The positional approach consists in using patterns to specify the position of data within larger structures.
Positional queries mimic the data to be queried. Languages using this query-by-example style for queries mostly fall into two categories:
UnQL [64, 66], the Unstructured Query Language, has been originally developed for querying semistructured data and nested relational databases with cyclic structures. UnQL has later been adapted to querying XML, but the origins are still apparent.
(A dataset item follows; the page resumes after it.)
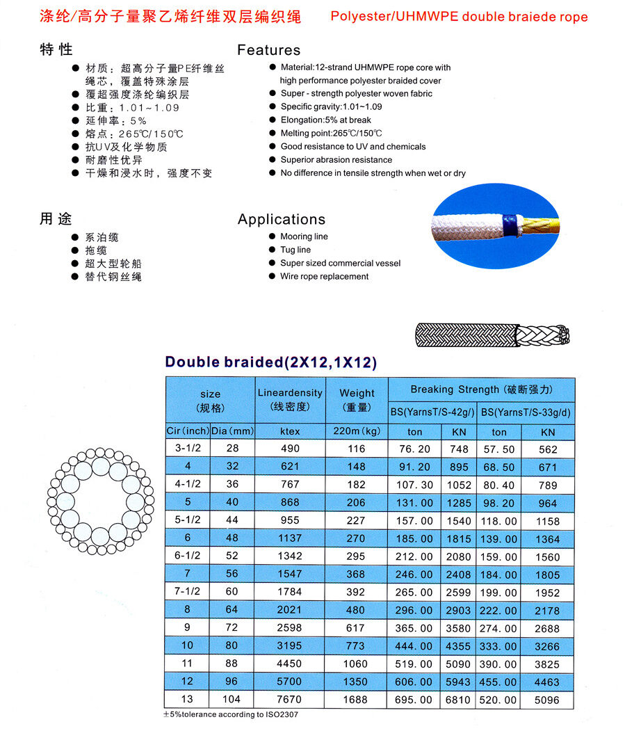 Previous Product Next Product 聚酯纖維/高分子量聚乙烯纖維雙層編織繩 分類: 所有產品, 海洋工程系列, 繩網系列, 船舶系列 描述 描述 相關商品 八股錦綸繩 八股丙綸單絲(PP)繩 纜繩尾

For example, UnQL has a non-XML syntax very similar to OEM's syntax and does not support querying or construction of ordered data.
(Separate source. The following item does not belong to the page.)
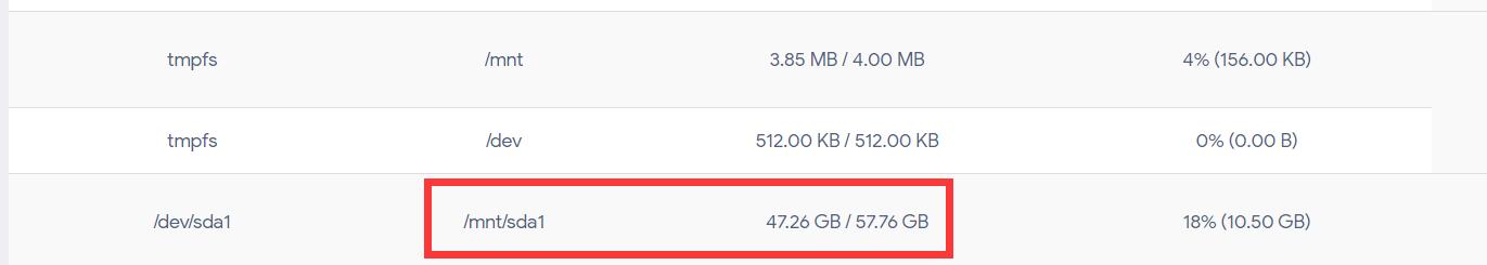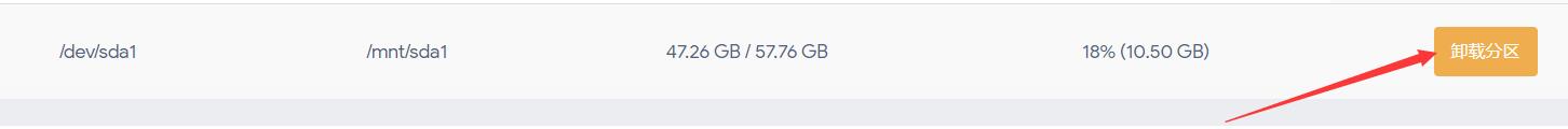 如果要格式化/dev/sdb这块磁盘,查看「挂载点」下方/dev/sdb开头的设备有多少个挂载点,如果一块磁盘分了多个区,就会有多个挂载点,如上图,只分一个区,就只有一个挂载点;

The evaluation model and core language of UnQL is based upon structural recursion over labeled trees.
The following expression uses functional style pattern matching for selecting all books in a tree.
fun f1(T1 ∪ T2) = f1(T1) ∪ f1(T2)
| f1({ L => T }) = if L = book
then {result => book => T}
else f1(T)
| f1({}) = {}
| f1(V) = {}
UnQL's surface syntax uses
query patterns
and construction patterns: a query
consists of a single select ... where ...
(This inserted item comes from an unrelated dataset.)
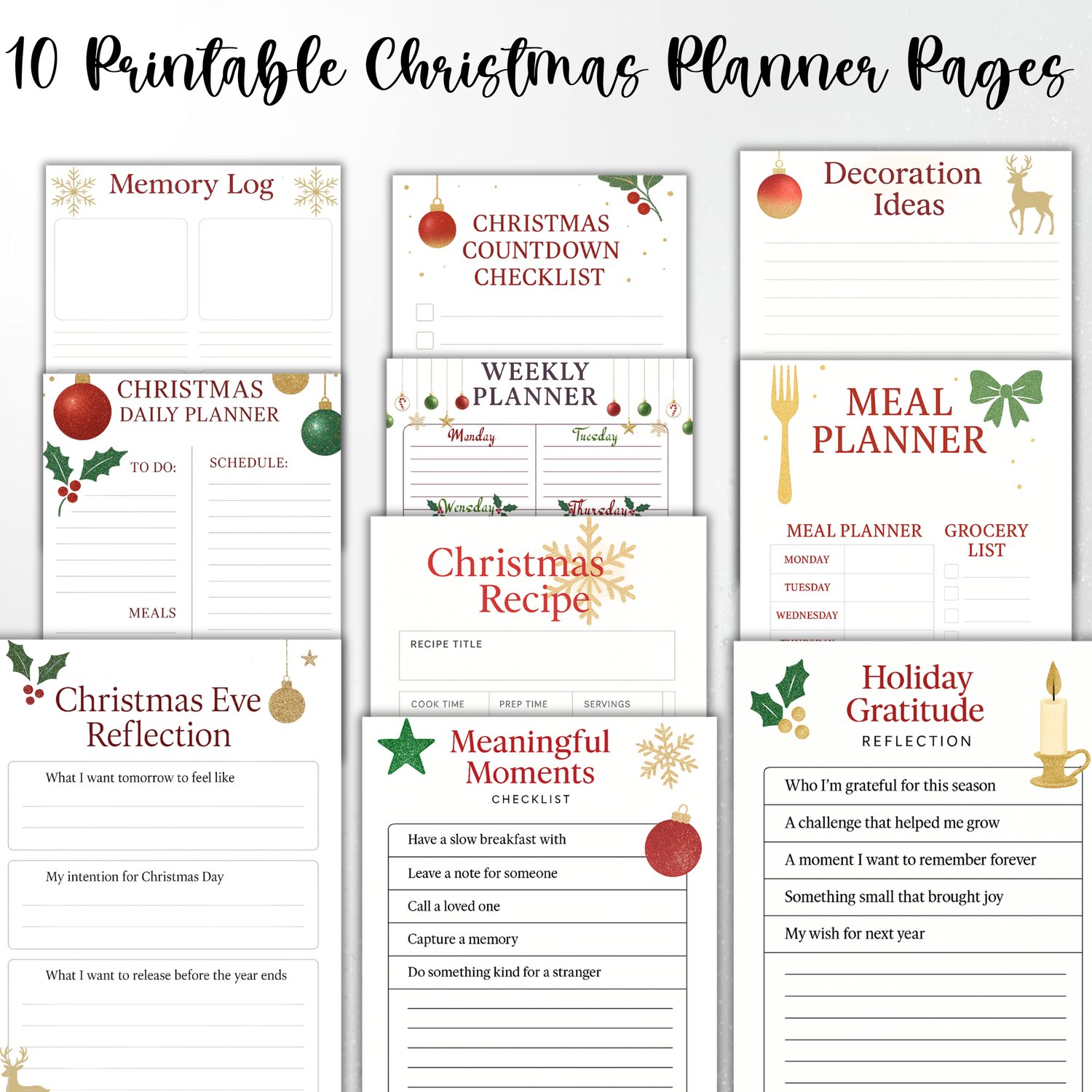 Christmas Printable Planner Pack | 10 Holiday Pages | Minimal Glitter Design

or traverse rule that separate
construction from querying.
Queries may be nested, in which case the separation of querying and construction is abandoned.
Query 1 ("Select all Essays together with their authors, i.e. author items and corresponding names.") can be expressed in UnQL as:
select { results => {
select { result => { Book,
select { author => {
author => Author,
authorName => Name
} }
where { author => \Author } ← Book,
{ name => \Name } ← Author
where { book => \Book } ← Bib
where bookdata => Bib ← DB
A ← scopes a query pattern, i.e. it specifies that the left-hand query pattern is to be found in bindings for the right-hand variable.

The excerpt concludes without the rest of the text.